## [Your objective]
Only the pictures are to be dropped; return all other data below exactly.

## [Dataset extract]
○ ○ ○ ○ ○ ○ ○
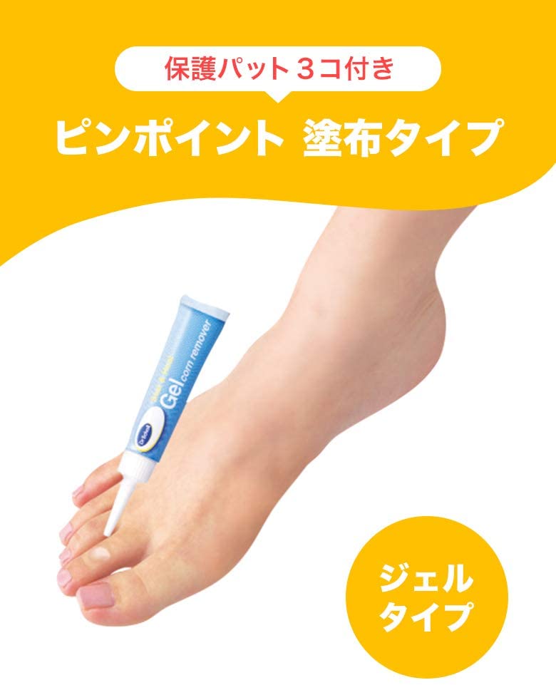 商品紹介ジェル コーンリムーバーは、サリチル酸の角質軟化作用を利用した医薬品です。ジェルタイプなので液だれしにくく、簡単に患部に塗布できます。患部に塗布ししばらくすると乾燥し白い被膜をつくり、厚く硬くなった皮ふをやわらかくして、うおの目・たこ・いぼを取り去ります。医薬品の販売について●使用上の注意■■してはいけないこと■■守らないと現在の症状が悪化したり、副作用が起こりやすくなります1.次の人は使用しないでください サリチル酸およびアスピリン等のサリチル酸系薬剤に対し過敏症の既往歴のある 人。2.次の部位には使用しないでください (1)顔面、目の周囲や唇、首のまわりなど皮膚のやわらかい部分、粘膜など。 (2)炎症又は傷のある患部。 (3)みずいぼ。 (4)肛門周囲や外陰部にできたいぼ。 (5)一列に並んだいぼ、群生したいぼ、身体に多発したいぼ。■■相談すること■■1.次の人は使用前に医師、薬剤師又は登録販売者に相談してください (1)医師の治療を受けている人。 (2)乳幼児。 (3)薬などによりアレルギー症状を起こしたことがある人。 (4)妊婦又は妊娠していると思われる人。 (5)次の症状のある人:血行障害、糖尿病。 (6)授乳中の人。2.使用後、次の症状があらわれた場合は副作用の可能性があるので、直ちに使用を 中止し、この説明文書を持って医師、薬剤師又は登録販売者に相談してください (1)本剤の使用により、次の症状があらわれた場合。 〔関係部位〕 皮膚 〔症状〕 発疹・発赤、かゆみ、はれ、刺激感 (2)本剤を1週間位使用しても症状の改善がみられない場合。3.本剤をいぼにご使用の場合、本剤が有効なのは角質化された表面のざらざらした 固いいぼです。ほかのいぼについては専門医に相談してください。4.塗布した患部の周囲にしみ状の跡形がつく時がありますが、これは一時的で、塗 布を中止すればもとの皮膚にもどります。長引く場合は、医師、薬剤師又は登録 販売者に相談してください。[その他の注意]本剤が健康な皮膚に付着すると、その部分も白く軟化し痛んだりするので、もし付着した場合にはすぐにふきとってください。特に、指の間に塗布する場合は薬液が乾くのを確認してください。●効能・効果うおのめ、たこ、いぼ●用法・用量1日、数回患部に適量を塗布してください。(1)定められた用法・用量を守ってください。(2)目に入らないように注意してください。万一目に入った場合には、すぐに水又 はぬるま湯で洗い、直ちに眼科医の診療を受けてください。(3)小児に使用させる場合には、保護者の指導監督のもとに使用させてください。(4)本剤は外用のみに使用し、内服はしないでください。(5)うおの目・たこ・いぼが多数ある場合は、一度に全部の患部に使用せず、一ヵ 所又は二ヵ所ずつ使用してください。一度に多量の薬液を使用しますと皮ふを 荒らします。(6)患部の周りの皮ふにつかないよう、よく注意して使用してください。●成分・分量1g中 サリチル酸・・・0.15g添加物として、ヒドロキシプロピルセルロース、ピロキシリン、乳酸、ヒマシ油、dl-カンフル、アセトン、エーテル、エタノール、だいだい色403号、黄色406号を含有します。●保管及び取扱いの注意(1)本剤は揮発性ですので、ご使用後はオーバーキャップをカチッとするまで しっかり締めて、直射日光の当たらない湿気の少ない涼しい所に保管して ください。 (キャップの締めがゆるいと薬剤が固まり、使用できなくなります。)(2)小児の手にとどかない所に保管してください。(3)本剤は引火性ですので、火気に近づけないでください。(4)衣類についた場合は、ぬるま湯でゆっくりともみほぐして落としてください。(5)誤用をさけ、品質を保持するため、他の容器に入れ替えないでください。(6)ニス塗りの家具類には、本剤がつかないように注意してください。(7)使用期限をすぎた製品は使用しないでください。[その他の記載内容]〔ご使用の前に〕ジェル コーンリムーバーのご使用に際し、以下の要領にて製品を 開封して下さい。(1)黄色のスペーサーリングを指ではさみ、左に回してチューブ本体と スペーサーリングを分離します。(2)スペーサーリングを左に回して取り外し、オーバーキャップとノズルキャップを 合体させたまま、チューブ本体を立てた状態でノズルキャップをチューブ本体を 押さえないようにしながら、チューブにねじ入れます。 (スペーサーリングは捨てていただいて結構です)(3)チューブ本体とノズルキャップがしっかりはまっているのを確認した後、 オーバーキャップをはずしてご使用ください。 キャップの取り付け時にチューブ本体を押すと中身がこぼれでる可能性が あります。〔ジェル コーンリムーバーの上手な使い方の例~うおの目の場合~〕(1)患部にジェル コーンリムーバーを適量塗布します。入浴後、患部をよく拭いて からご使用になると一層効果的です。 (塗布した後に入浴、水仕事をしてもさしつかえありません。)(2)薬液はしば
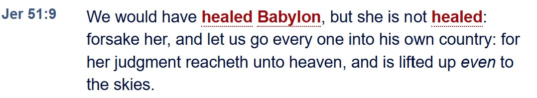 “Babylon is suddenly fallen and destroyed: howl for her; take balm for her pain, if so be she may be healed.”
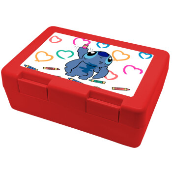 Lilo & Stitch painting, Children's cookie container RED 185x128x65mm (BPA free plastic)
○ ○ ○ ○ ○ ○ ○
## [Task solution]
 商品紹介ジェル コーンリムーバーは、サリチル酸の角質軟化作用を利用した医薬品です。ジェルタイプなので液だれしにくく、簡単に患部に塗布できます。患部に塗布ししばらくすると乾燥し白い被膜をつくり、厚く硬くなった皮ふをやわらかくして、うおの目・たこ・いぼを取り去ります。医薬品の販売について●使用上の注意■■してはいけないこと■■守らないと現在の症状が悪化したり、副作用が起こりやすくなります1.次の人は使用しないでください サリチル酸およびアスピリン等のサリチル酸系薬剤に対し過敏症の既往歴のある 人。2.次の部位には使用しないでください (1)顔面、目の周囲や唇、首のまわりなど皮膚のやわらかい部分、粘膜など。 (2)炎症又は傷のある患部。 (3)みずいぼ。 (4)肛門周囲や外陰部にできたいぼ。 (5)一列に並んだいぼ、群生したいぼ、身体に多発したいぼ。■■相談すること■■1.次の人は使用前に医師、薬剤師又は登録販売者に相談してください (1)医師の治療を受けている人。 (2)乳幼児。 (3)薬などによりアレルギー症状を起こしたことがある人。 (4)妊婦又は妊娠していると思われる人。 (5)次の症状のある人:血行障害、糖尿病。 (6)授乳中の人。2.使用後、次の症状があらわれた場合は副作用の可能性があるので、直ちに使用を 中止し、この説明文書を持って医師、薬剤師又は登録販売者に相談してください (1)本剤の使用により、次の症状があらわれた場合。 〔関係部位〕 皮膚 〔症状〕 発疹・発赤、かゆみ、はれ、刺激感 (2)本剤を1週間位使用しても症状の改善がみられない場合。3.本剤をいぼにご使用の場合、本剤が有効なのは角質化された表面のざらざらした 固いいぼです。ほかのいぼについては専門医に相談してください。4.塗布した患部の周囲にしみ状の跡形がつく時がありますが、これは一時的で、塗 布を中止すればもとの皮膚にもどります。長引く場合は、医師、薬剤師又は登録 販売者に相談してください。[その他の注意]本剤が健康な皮膚に付着すると、その部分も白く軟化し痛んだりするので、もし付着した場合にはすぐにふきとってください。特に、指の間に塗布する場合は薬液が乾くのを確認してください。●効能・効果うおのめ、たこ、いぼ●用法・用量1日、数回患部に適量を塗布してください。(1)定められた用法・用量を守ってください。(2)目に入らないように注意してください。万一目に入った場合には、すぐに水又 はぬるま湯で洗い、直ちに眼科医の診療を受けてください。(3)小児に使用させる場合には、保護者の指導監督のもとに使用させてください。(4)本剤は外用のみに使用し、内服はしないでください。(5)うおの目・たこ・いぼが多数ある場合は、一度に全部の患部に使用せず、一ヵ 所又は二ヵ所ずつ使用してください。一度に多量の薬液を使用しますと皮ふを 荒らします。(6)患部の周りの皮ふにつかないよう、よく注意して使用してください。●成分・分量1g中 サリチル酸・・・0.15g添加物として、ヒドロキシプロピルセルロース、ピロキシリン、乳酸、ヒマシ油、dl-カンフル、アセトン、エーテル、エタノール、だいだい色403号、黄色406号を含有します。●保管及び取扱いの注意(1)本剤は揮発性ですので、ご使用後はオーバーキャップをカチッとするまで しっかり締めて、直射日光の当たらない湿気の少ない涼しい所に保管して ください。 (キャップの締めがゆるいと薬剤が固まり、使用できなくなります。)(2)小児の手にとどかない所に保管してください。(3)本剤は引火性ですので、火気に近づけないでください。(4)衣類についた場合は、ぬるま湯でゆっくりともみほぐして落としてください。(5)誤用をさけ、品質を保持するため、他の容器に入れ替えないでください。(6)ニス塗りの家具類には、本剤がつかないように注意してください。(7)使用期限をすぎた製品は使用しないでください。[その他の記載内容]〔ご使用の前に〕ジェル コーンリムーバーのご使用に際し、以下の要領にて製品を 開封して下さい。(1)黄色のスペーサーリングを指ではさみ、左に回してチューブ本体と スペーサーリングを分離します。(2)スペーサーリングを左に回して取り外し、オーバーキャップとノズルキャップを 合体させたまま、チューブ本体を立てた状態でノズルキャップをチューブ本体を 押さえないようにしながら、チューブにねじ入れます。 (スペーサーリングは捨てていただいて結構です)(3)チューブ本体とノズルキャップがしっかりはまっているのを確認した後、 オーバーキャップをはずしてご使用ください。 キャップの取り付け時にチューブ本体を押すと中身がこぼれでる可能性が あります。〔ジェル コーンリムーバーの上手な使い方の例~うおの目の場合~〕(1)患部にジェル コーンリムーバーを適量塗布します。入浴後、患部をよく拭いて からご使用になると一層効果的です。 (塗布した後に入浴、水仕事をしてもさしつかえありません。)(2)薬液はしば
 “Babylon is suddenly fallen and destroyed: howl for her; take balm for her pain, if so be she may be healed.”
 Lilo & Stitch painting, Children's cookie container RED 185x128x65mm (BPA free plastic)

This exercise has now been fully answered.